EXERCISE INSTRUCTIONS: The expected output is each line from the one containing "Guyot 1 Montreuil" to the last line of the data below, set down exactly, minus the pictures.

[Source data]
■ ■ ■ ■ ■
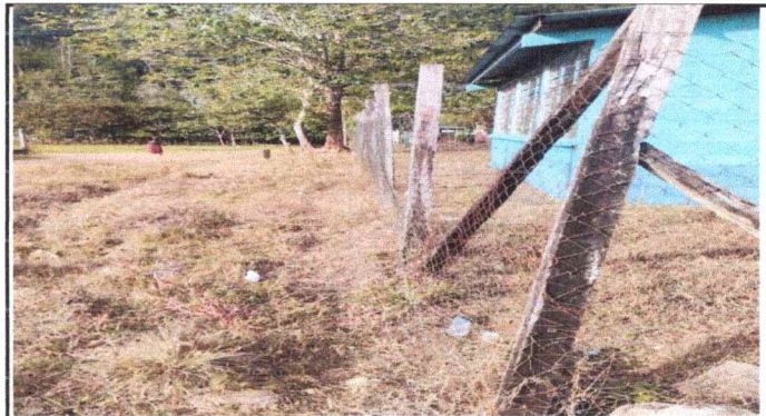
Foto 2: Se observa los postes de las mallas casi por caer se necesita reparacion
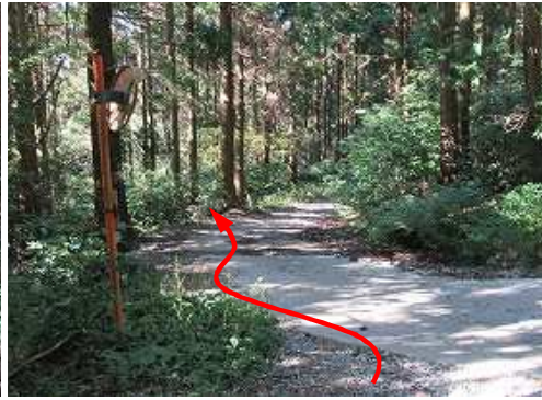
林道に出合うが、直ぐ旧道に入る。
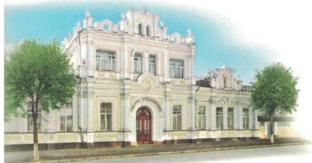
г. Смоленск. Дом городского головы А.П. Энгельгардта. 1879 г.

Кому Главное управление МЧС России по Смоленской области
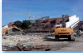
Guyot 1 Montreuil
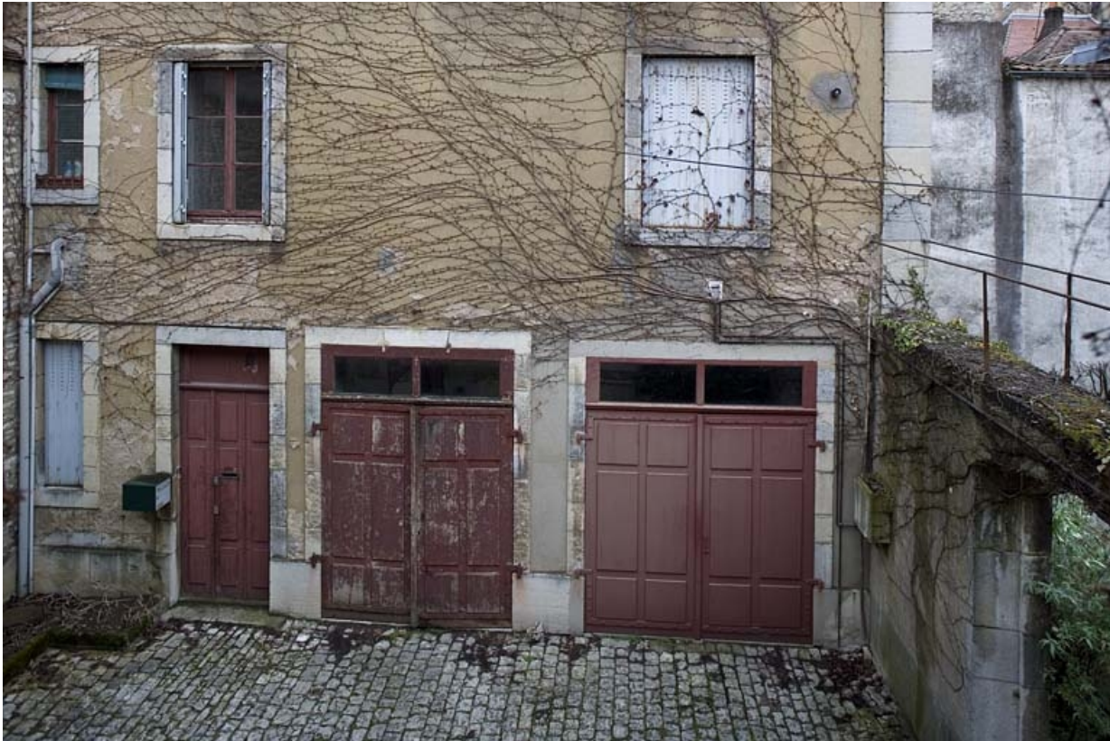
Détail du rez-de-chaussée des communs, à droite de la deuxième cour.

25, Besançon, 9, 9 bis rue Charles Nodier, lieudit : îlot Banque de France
■ ■ ■ ■ ■
THE COMPLETED TASK:
Guyot 1 Montreuil
Détail du rez-de-chaussée des communs, à droite de la deuxième cour.

25, Besançon, 9, 9 bis rue Charles Nodier, lieudit : îlot Banque de France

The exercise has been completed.